— Exercise aim —
Only the stretch below from the line holding "16. Задание 10" through the line holding "Le Canard Sauvage" should be restated, word for word and with both ends included; pictures stay out.

— Data provided —
==========
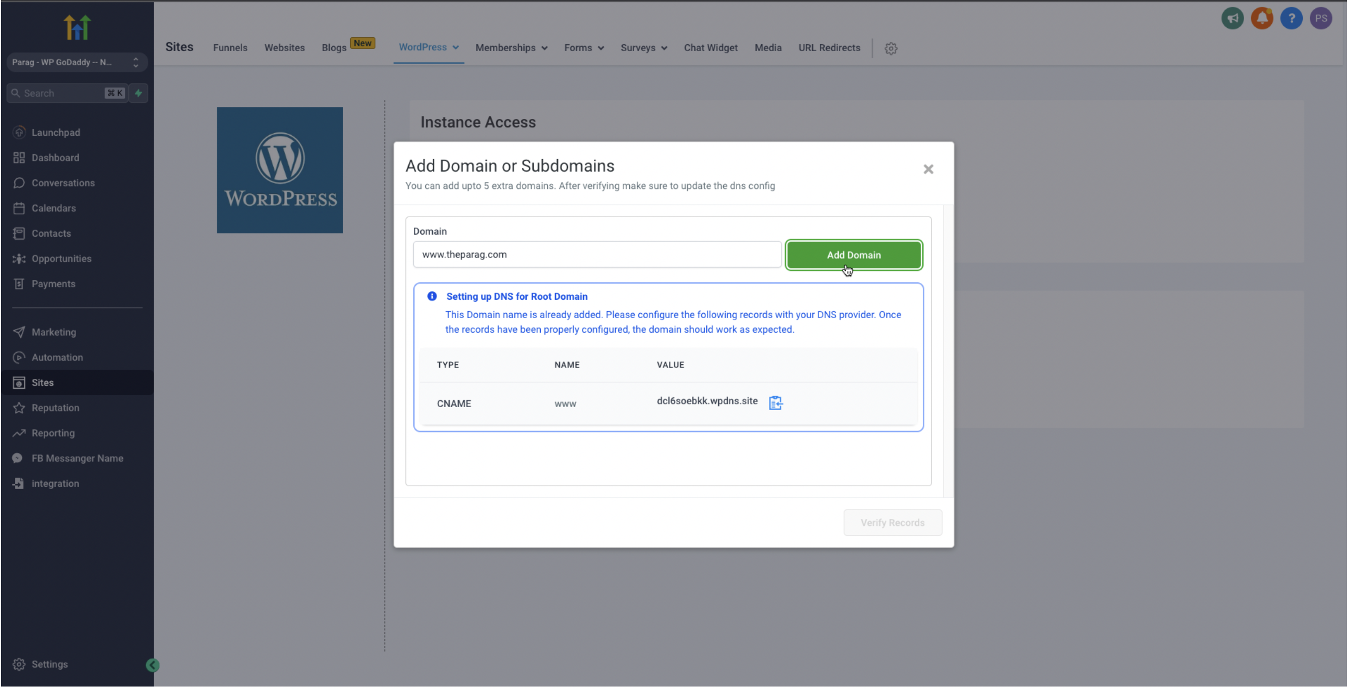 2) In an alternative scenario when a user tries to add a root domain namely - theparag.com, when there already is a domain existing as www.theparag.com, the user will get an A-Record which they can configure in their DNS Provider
==========
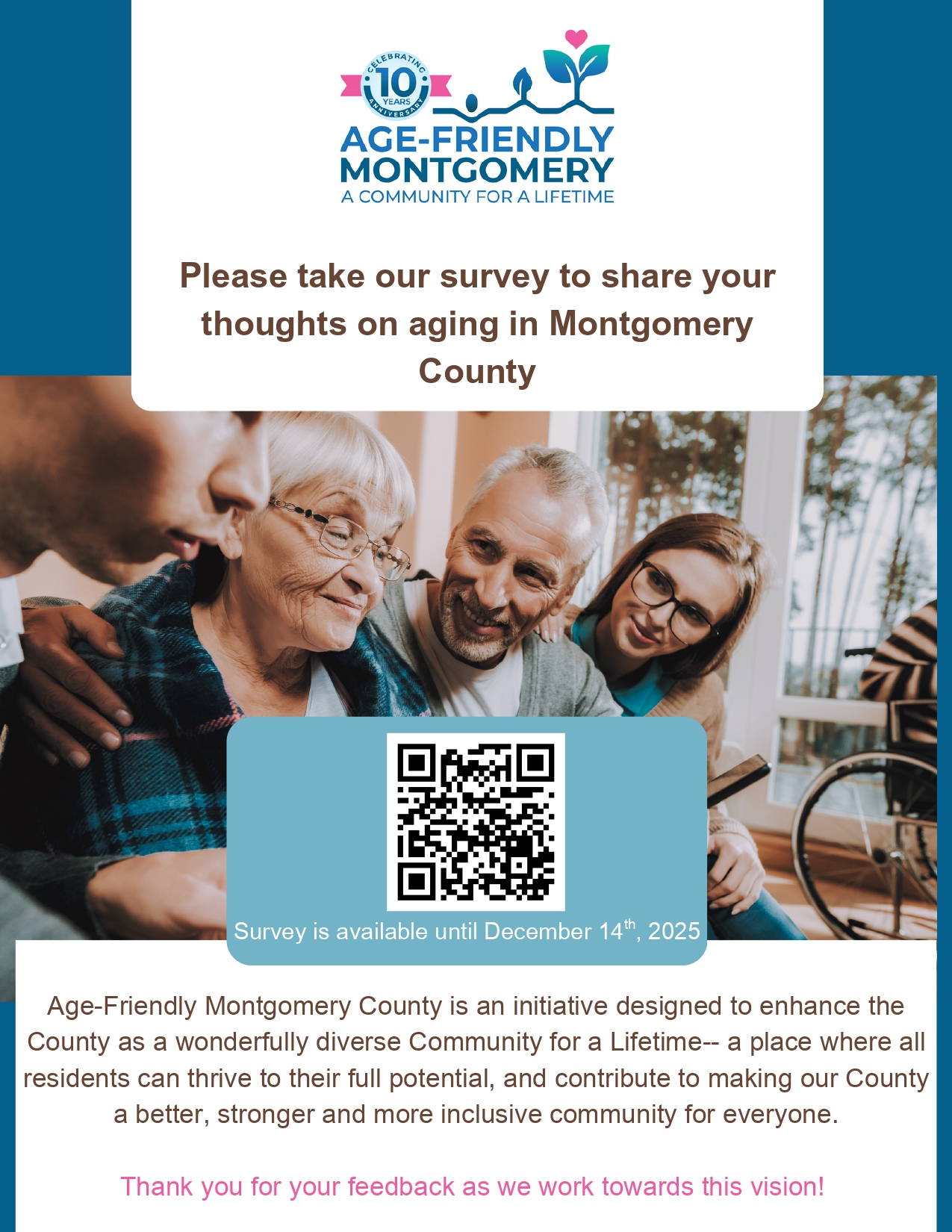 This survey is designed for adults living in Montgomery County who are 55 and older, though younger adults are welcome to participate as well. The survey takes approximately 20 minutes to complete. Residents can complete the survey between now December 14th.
==========
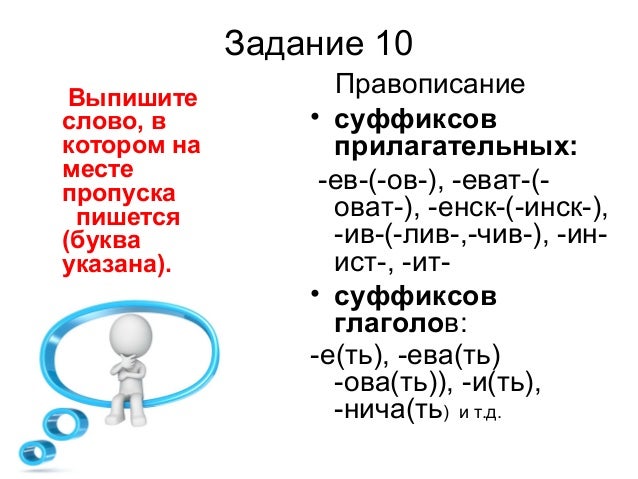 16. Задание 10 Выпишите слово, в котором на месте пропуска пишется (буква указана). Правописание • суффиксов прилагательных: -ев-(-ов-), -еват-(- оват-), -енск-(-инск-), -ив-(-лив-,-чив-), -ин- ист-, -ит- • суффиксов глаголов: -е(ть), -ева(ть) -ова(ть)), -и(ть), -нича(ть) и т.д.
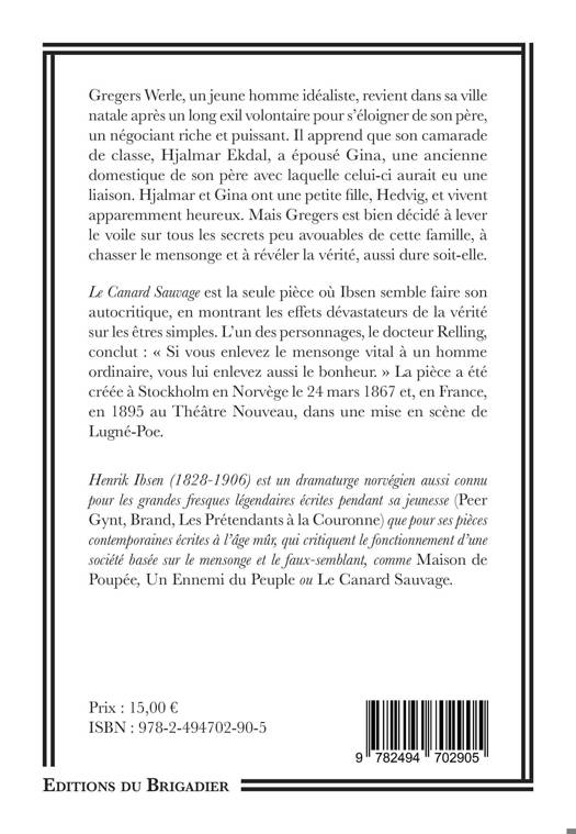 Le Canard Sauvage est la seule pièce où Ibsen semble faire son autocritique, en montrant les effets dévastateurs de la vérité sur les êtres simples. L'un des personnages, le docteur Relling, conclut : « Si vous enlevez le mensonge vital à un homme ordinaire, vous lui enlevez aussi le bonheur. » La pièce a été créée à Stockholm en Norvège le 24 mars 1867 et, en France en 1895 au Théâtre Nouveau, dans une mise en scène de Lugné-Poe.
==========
— Expected output —
 16. Задание 10 Выпишите слово, в котором на месте пропуска пишется (буква указана). Правописание • суффиксов прилагательных: -ев-(-ов-), -еват-(- оват-), -енск-(-инск-), -ив-(-лив-,-чив-), -ин- ист-, -ит- • суффиксов глаголов: -е(ть), -ева(ть) -ова(ть)), -и(ть), -нича(ть) и т.д.
 Le Canard Sauvage est la seule pièce où Ibsen semble faire son autocritique, en montrant les effets dévastateurs de la vérité sur les êtres simples. L'un des personnages, le docteur Relling, conclut : « Si vous enlevez le mensonge vital à un homme ordinaire, vous lui enlevez aussi le bonheur. » La pièce a été créée à Stockholm en Norvège le 24 mars 1867 et, en France en 1895 au Théâtre Nouveau, dans une mise en scène de Lugné-Poe.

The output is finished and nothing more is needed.